When I joined the Guardians, when I defeated Pitch, I thought everything would be different. I thought that people would start believing, that I would be seen again.

But, no.

Defeating Pitch was no help whatsoever. Since there was nothing for me to do until Winter, there was no reason for people to believe in me. I tried, I really did. In winter, I would start the most catastrophic snowball fights. I would create giant slopes of ice to sled down. I created snowstorms so kids would get to miss school.

I tried my absolute hardest, but no one saw me. No one heard me. I was alone.

The rest of the guardians had more important things to do, so we never really talked. The one person I would talk to would be North, but that was only around Christmas when he would ask me to make sure it was a white Christmas. I only talked to little tooth, the fairy I saved from Pitch, but I made her promise not to tell the Tooth fairy.

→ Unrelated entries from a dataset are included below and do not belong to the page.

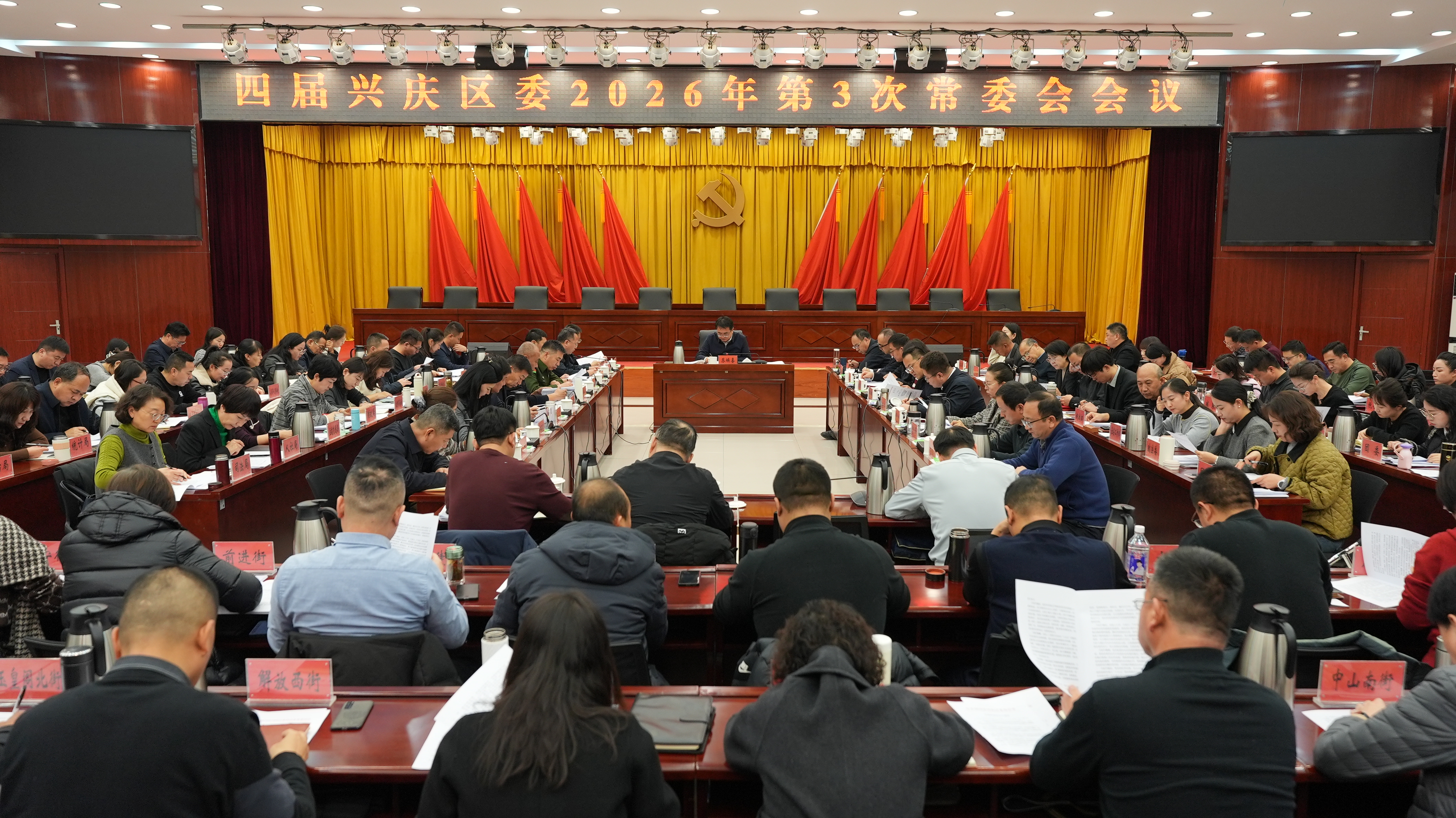 1月26日,银川市委常委、兴庆区委书记苏焕喜主持召开四届兴庆区委2026年第3次常委会会议,传达学习习近平总书记近期重要讲话及中央、自治区有关会议文件和银川市两会精神,研究召开兴庆区纪委四届六次全会相关事宜,听取各群团组织2025年工作总结及2026年重点工作谋划情况汇报,安排下一步工作。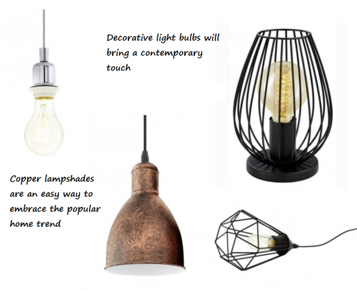 Eglo lighting is another brand that provides some affordable lighting choices. Embrace the geometric lighting trend with the Eglo pendant lights and table lamps that are a simple solution to updating a lounge light. A cage light with a decorative light bulb can add style to the home with minimal effort or investment! Even simply opting for a light fitting that reflects the polished chrome or copper trend can be subtle ways of updating a lounge or hallway.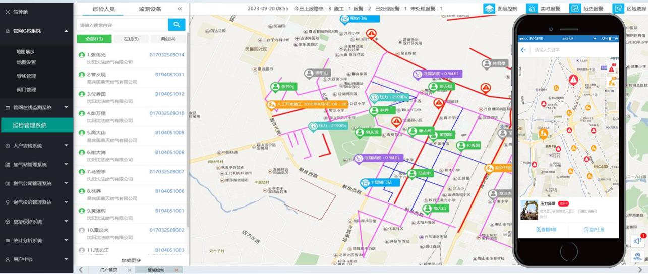 一張圖顯示管網(wǎng)、監(jiān)測設備、巡檢人員、存在隱患情況、 施工情況等信息,隨時抽查巡檢數(shù)據(jù),提高巡檢質(zhì)量。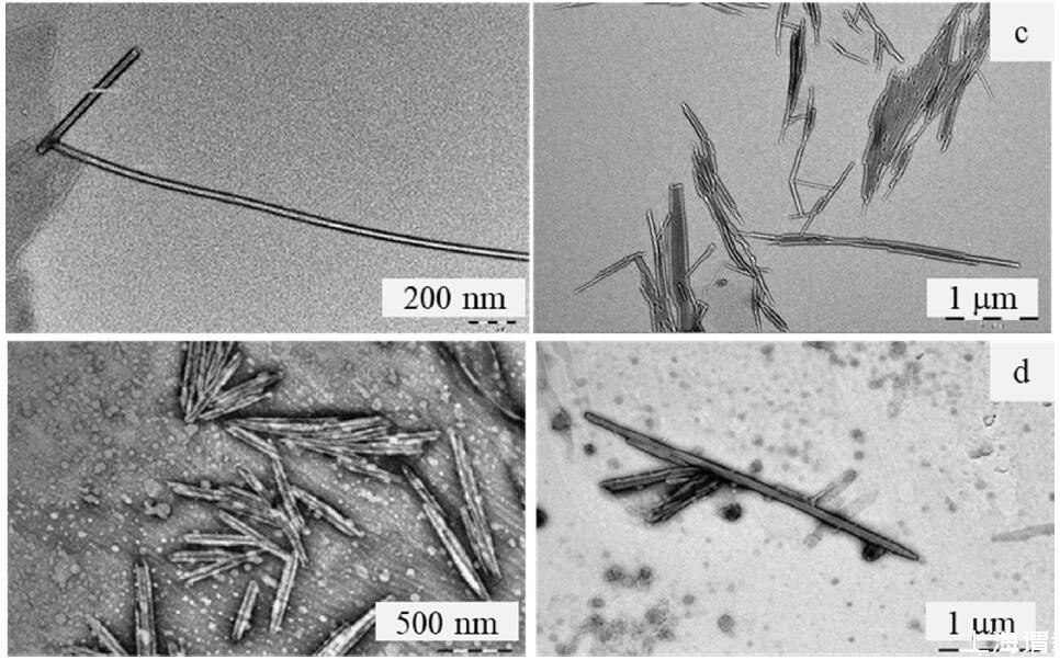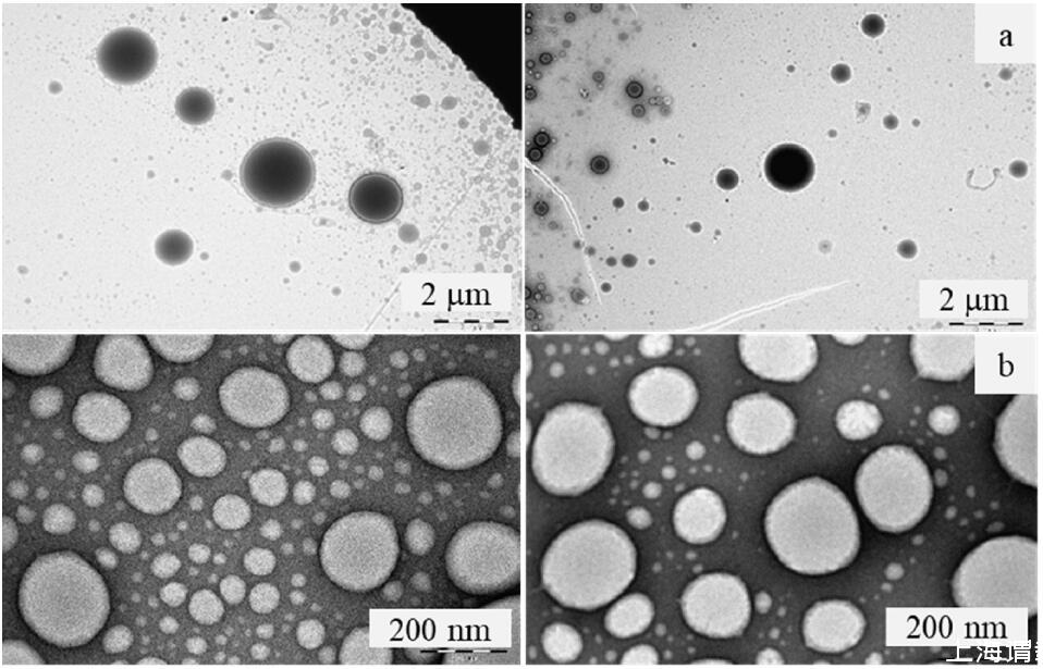 为了进一步证实这些大聚集体的形态,SCAG、SCAA、SCAS和SCOS水溶液的TEM显微照片如图3所示。SCAG和SCAA水溶液中形成球状囊泡,而SCAS和SCOS自聚集成管状囊泡。对于SCAG和SCAA,观察到的球形囊泡的直径分别约为1μm和100-200 nm,与DLS测量结果一致。SCAS和SCOS的小管长度L≤4μm,直径d≤40 nm和100 nm。这些与DLS结果一致,表明由SCOS形成的聚集体的等效流体动力学直径大于来自SCAS的聚集体。TEM结果表明聚集体的形态取决于氨基酸残基和疏水尾部的结构。对于源自蓖麻油的表面活性剂,疏水尾部的-OH基团促进了球形囊泡的形成;而对于丝氨酸头基上带有-OH基团的表面活性剂,小管更稳定。

So years went by, and still no one believed. The kid who helped us defeat Pitch tried to convince everyone I was real, but no one believed him. Eventually, he stopped believing himself.

So here I was, alone. I had hours of time on my hands, and I spent them training, learning to understand the ice in the way it understands me. Soon after, I no longer needed my staff, but was very fond of it, so kept it to use as a sort of weapon. I was able to fly, can create ice with my own hands, and had a home all to myself, a little room in the North Pole. People thought I was happy, so turned their backs and helped others who needed help.

But no one knew the fact that every night, I would sneak out. Far away from the North Pole. Far away from Tooth Palace. Far away from Bunnymund's Warren. Far away from the night sky where Sandy would be. I would often sit on a window sill, or a tree branch or rooftop.

And just cry at the hopelessness of it all.